2007 GSA Denver Annual Meeting (28–31 October 2007)

Paper No. 2
Presentation Time: 1:55 PM


DEVRIES-ZIMMERMAN, Suzanne J.1, HANSEN, Edward C.1, ZIETLOW, Ryan1 and WINNETT-MURRAY, Kathy2, (1)Hope College, Geological and Environmental Sciences, Holland, MI 49423, (2)Hope College, Biological Sciences, Holland, MI 49423, zimmerman@hope.edu

Green Mountain Beach (GMB) dune is a large Lake Michigan coastal dune, transitional between a trough blowout and a fully-developed parabolic dune. Deposition pins were used to study the amount and pattern of aeolian sand deposition on the dune's lee slopes. In the late fall and winter, sand accumulated on the upper to midslopes, supported by ice between the grains. Mass wasting delivered sand to the lower slopes during the spring thaw. Very little sand was deposited on the lee slopes during the summer. Maximum sand deposition (>1 m per year) occurred near the dune axis; deposition decreased rapidly along the limbs (<5 – 10 cm per year).

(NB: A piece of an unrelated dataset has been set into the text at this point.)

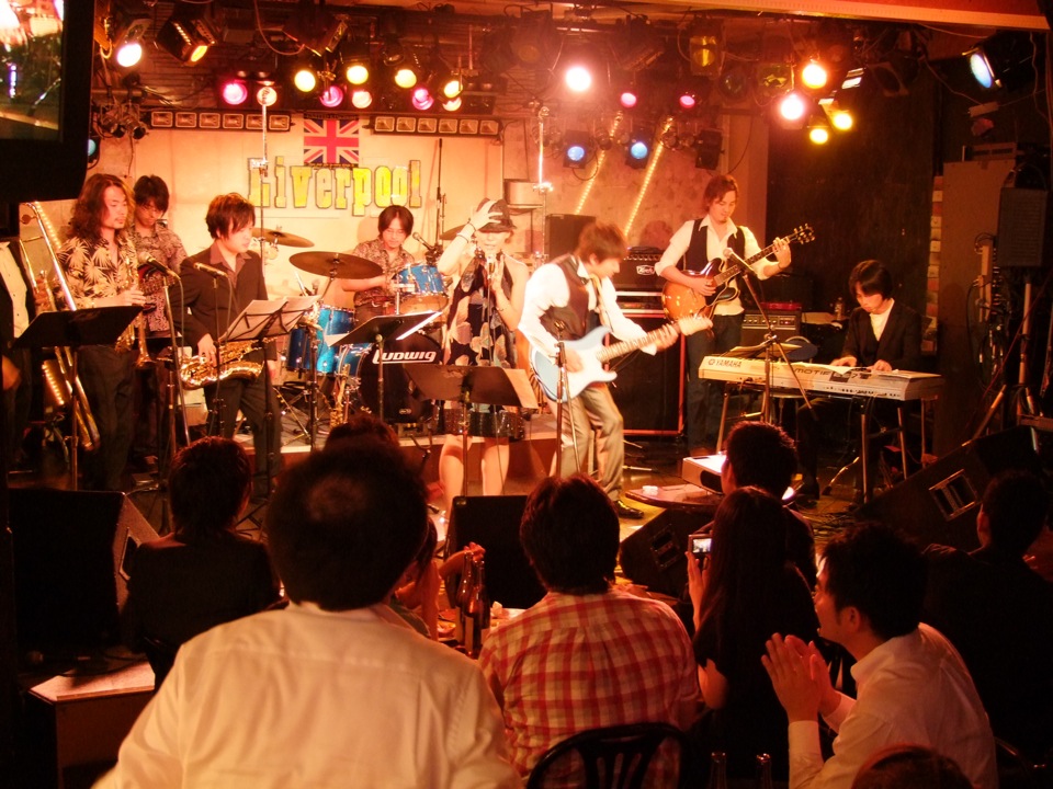 そして、この後の2次会も色々と盛り込んでいきました!…ここでは副田君もサックスを取り出し、急遽この日の為に結成された“Love Generation”というバンド(とにかく恥ずかしい感じの名前を付けるべく、考え付いたらしいです…笑)で、場を盛り上げていったわけです。バンド編成は豪華の8人編成で、もちろん自分もいますし、ドラムには立山秋航が、そしてホーン隊やボーカルまでいるという、正真正銘フルバンド編成で挑みました。何曲かは宮崎君にも加わって頂き、こちらこそ相当のロック・テイストで攻めていきます!…盛り上がりはもちろん、最高の一言に尽きました♪

Five vegetation sampling transects were established on the lee slopes of the dune in areas of high, medium and low sand deposition; summer and winter quadrat sampling and percent cover data were collected to determine importance values, community composition and diversity along these transects. Community ordination and classification analyses were also performed on these data. Vegetation zonation reflects the sand deposition patterns; the plants' tolerance to fall/winter sand burial determines where they grow and thrive in summer. Pioneer species Ammophila breviligulata and Equisetum arvense dominated the area of highest sand deposition; vegetation on this slope was completely buried by sand during the winter and had to revegetate the slope each spring and summer. Ammophila, Lathyrus japonicus, Saponaria officinalis, and small Vitis riparia vines dominated areas of intermediate sand deposition. Various tree (Tilia americana, Quercus rubra), shrub (Cornus stolonifera), mature V. riparia and V. aestivalis vines, grasses (Calamovilfa longifolia and Andropogon scoparius), and herbaceous plants, such as Lathyrus, Saponaria, Solidago simplex, var. gillmanii, and Artemisia campestris, were observed in low sand deposition areas. The sand deposition pattern was inversely mirrored in the species diversity pattern on 4 of the 5 vegetation transects; transects with high sand deposition had low species diversity while transects with lower sand deposition rates had higher species diversity. Shady conditions on the remaining transect appeared to control species diversity more than the sand deposition rate.